What the task asks: Print the listing in its entirety and exactly, leaving out images.

Entries provided:
§ §
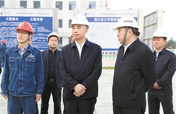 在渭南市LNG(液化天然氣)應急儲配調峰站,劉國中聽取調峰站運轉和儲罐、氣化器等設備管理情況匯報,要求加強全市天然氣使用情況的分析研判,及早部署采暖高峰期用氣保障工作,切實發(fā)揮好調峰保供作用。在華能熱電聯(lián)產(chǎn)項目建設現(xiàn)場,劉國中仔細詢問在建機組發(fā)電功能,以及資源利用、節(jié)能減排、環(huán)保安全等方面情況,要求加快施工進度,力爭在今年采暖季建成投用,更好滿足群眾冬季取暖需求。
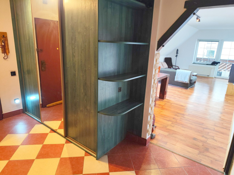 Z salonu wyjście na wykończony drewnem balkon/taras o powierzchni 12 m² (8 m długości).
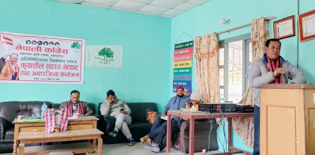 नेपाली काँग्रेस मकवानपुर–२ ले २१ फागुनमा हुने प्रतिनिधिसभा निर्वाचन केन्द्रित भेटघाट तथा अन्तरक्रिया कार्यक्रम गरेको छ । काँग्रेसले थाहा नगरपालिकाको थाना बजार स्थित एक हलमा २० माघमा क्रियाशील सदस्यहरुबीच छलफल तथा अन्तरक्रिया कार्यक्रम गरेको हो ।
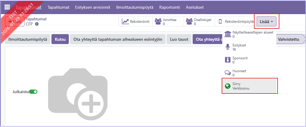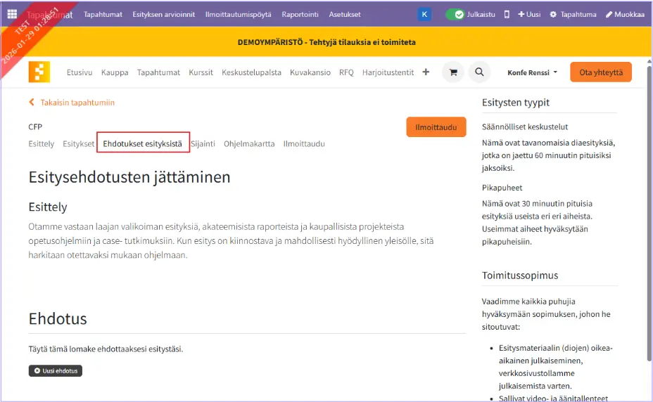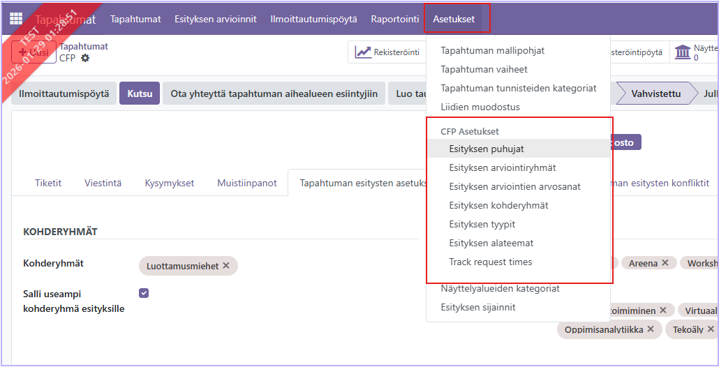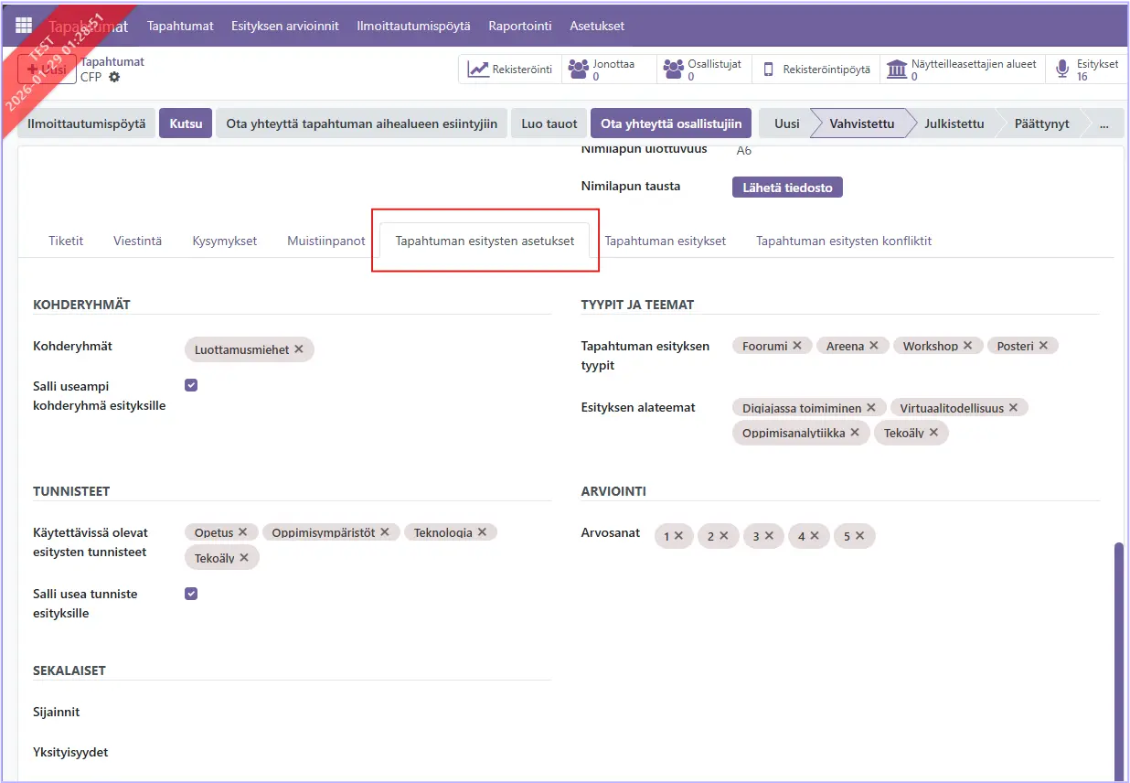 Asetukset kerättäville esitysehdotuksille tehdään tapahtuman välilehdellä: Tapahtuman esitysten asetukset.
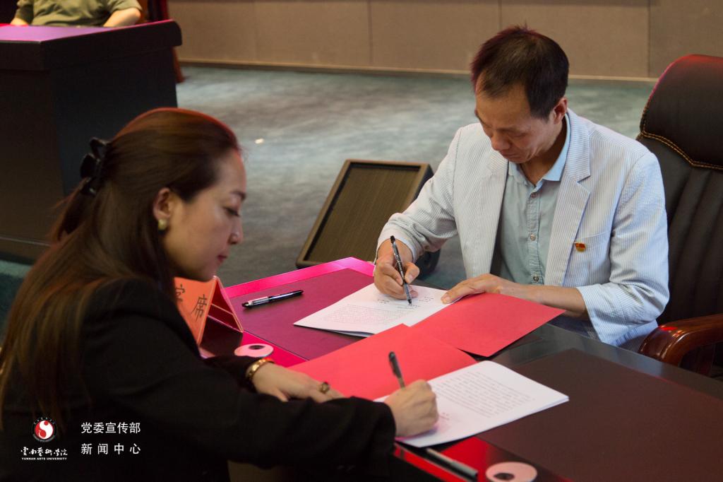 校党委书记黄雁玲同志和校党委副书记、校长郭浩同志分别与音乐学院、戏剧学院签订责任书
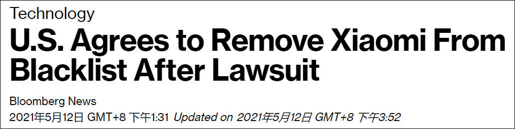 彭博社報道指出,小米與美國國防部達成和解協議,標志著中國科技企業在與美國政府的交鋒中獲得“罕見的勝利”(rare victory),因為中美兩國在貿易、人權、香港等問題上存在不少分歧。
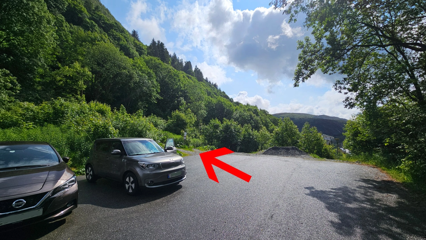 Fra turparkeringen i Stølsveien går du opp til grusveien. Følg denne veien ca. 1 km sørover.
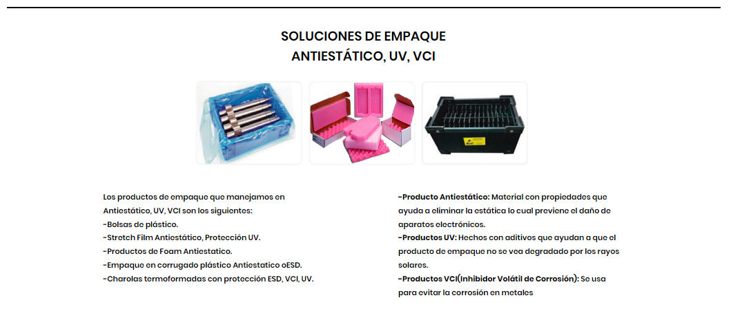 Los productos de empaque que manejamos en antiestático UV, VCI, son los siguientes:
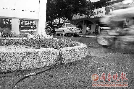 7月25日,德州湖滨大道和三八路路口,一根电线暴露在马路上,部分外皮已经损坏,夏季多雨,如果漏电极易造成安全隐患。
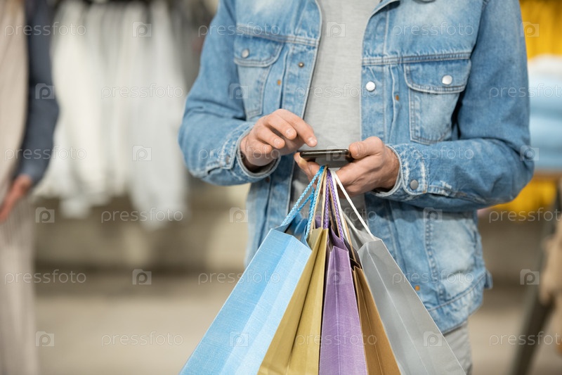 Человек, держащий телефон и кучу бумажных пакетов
§ §
Response area:
 在渭南市LNG(液化天然氣)應急儲配調峰站,劉國中聽取調峰站運轉和儲罐、氣化器等設備管理情況匯報,要求加強全市天然氣使用情況的分析研判,及早部署采暖高峰期用氣保障工作,切實發(fā)揮好調峰保供作用。在華能熱電聯(lián)產(chǎn)項目建設現(xiàn)場,劉國中仔細詢問在建機組發(fā)電功能,以及資源利用、節(jié)能減排、環(huán)保安全等方面情況,要求加快施工進度,力爭在今年采暖季建成投用,更好滿足群眾冬季取暖需求。
 Z salonu wyjście na wykończony drewnem balkon/taras o powierzchni 12 m² (8 m długości).
 नेपाली काँग्रेस मकवानपुर–२ ले २१ फागुनमा हुने प्रतिनिधिसभा निर्वाचन केन्द्रित भेटघाट तथा अन्तरक्रिया कार्यक्रम गरेको छ । काँग्रेसले थाहा नगरपालिकाको थाना बजार स्थित एक हलमा २० माघमा क्रियाशील सदस्यहरुबीच छलफल तथा अन्तरक्रिया कार्यक्रम गरेको हो ।
 Asetukset kerättäville esitysehdotuksille tehdään tapahtuman välilehdellä: Tapahtuman esitysten asetukset.
 校党委书记黄雁玲同志和校党委副书记、校长郭浩同志分别与音乐学院、戏剧学院签订责任书
 彭博社報道指出,小米與美國國防部達成和解協議,標志著中國科技企業在與美國政府的交鋒中獲得“罕見的勝利”(rare victory),因為中美兩國在貿易、人權、香港等問題上存在不少分歧。
 Fra turparkeringen i Stølsveien går du opp til grusveien. Følg denne veien ca. 1 km sørover.
 Los productos de empaque que manejamos en antiestático UV, VCI, son los siguientes:
 7月25日,德州湖滨大道和三八路路口,一根电线暴露在马路上,部分外皮已经损坏,夏季多雨,如果漏电极易造成安全隐患。
 Человек, держащий телефон и кучу бумажных пакетов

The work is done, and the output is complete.